Стало почти светло. Млечный путь сиял так, что мы наконец увидели друг друга. Пронзительно свежо. Откуда-то сверху, из нескончаемо-темной кручи подъема волнами опадает холодный воздух. Там вдали, настоящие горы. Именно они манят нас величавостью и недосказанностью. Там вдали...
На пологой возвышенности, плешивиной возвышающейся над остальным, стояла лавочка. На ней мирно устроился пропащий Игорь. К моему вящему удивлению, он курил. Правда, чуть поперхнулся при нашем появлении.

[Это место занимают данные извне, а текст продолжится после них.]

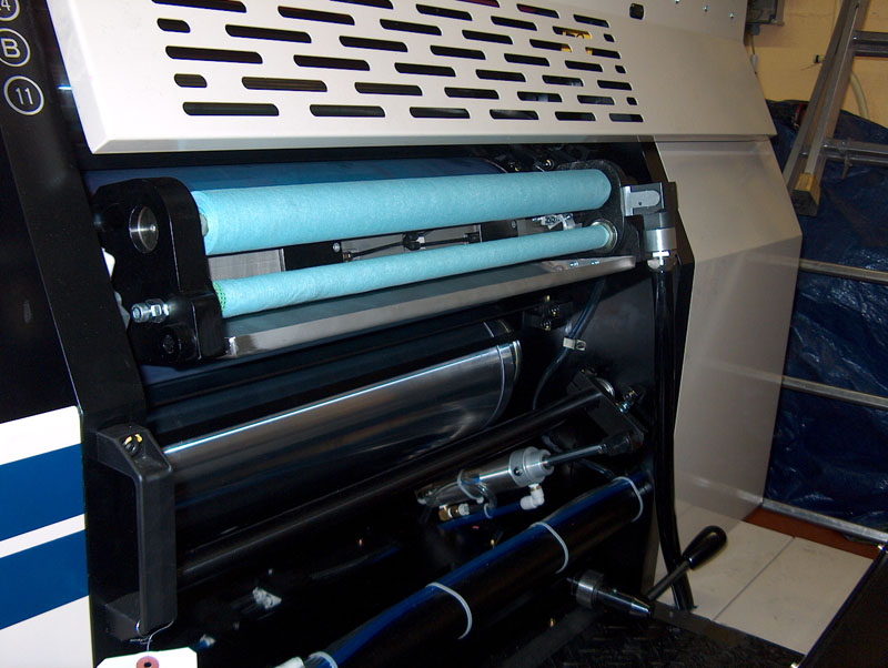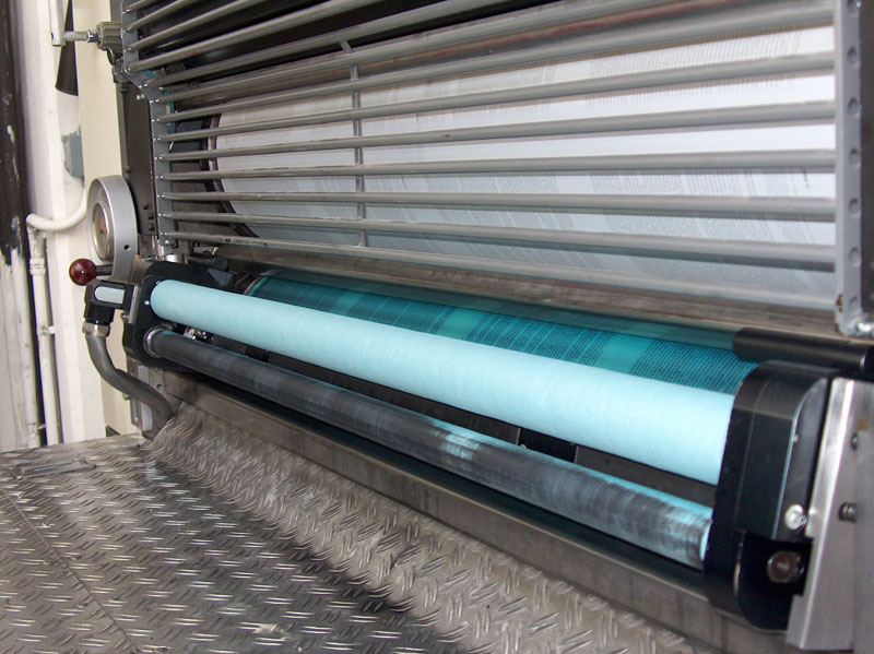 Gewaschen wird mit Papierlauf, mit Papierstillstand und mit automatischem Rollenwechsel. Anschließend kann das Gummituch nass, feucht oder trocken ausgewählt werden.

Заикаясь от торопливости, Игорь объяснил свое поведение больными зубами. Это хорошо помогает – утверждал он. Мы не стали настаивать. Кой-какой осадок, конечно рос в нас праведной злостью, за его глупость. Но пообещали никому не говорить о случившемся конфузе. Да и не до того.
Внизу, в разом открывшейся бездне пространства, мягко переливаясь электрическими блестками, лежала Алма-Ата. Она тянулась нескончаемостью, и до предела раздвинувшийся горизонт не мог вместить ее теплого света.
Цепочки огней терялись, прерывались, но снова мерцали далью и уходили в черноту. Холодно. Мы закутались в куртки. За нашими спинами нависла суровая в непроницаемости и тишине горная ночь. А у наших ног, будто бесчисленные угли костра, лежат желтые огоньки родного города.
Свет устремляется в тебя весь сразу, единым чувством сердца, полно и навсегда. И огоньки, будто нити мириадов судеб, тянут руки – лучи прямо в душу. Город принимает нас в себя и входит в нас. Издали его голос становится таким понятным и близким. И пусть пройдет этот миг, и мы заторопимся к теплым спальникам, но новое движение, новый день не разорвет ни единой нити нашей привязанности. Теплота южного города стала не фоном, а частью жизни. Сделала ее общей.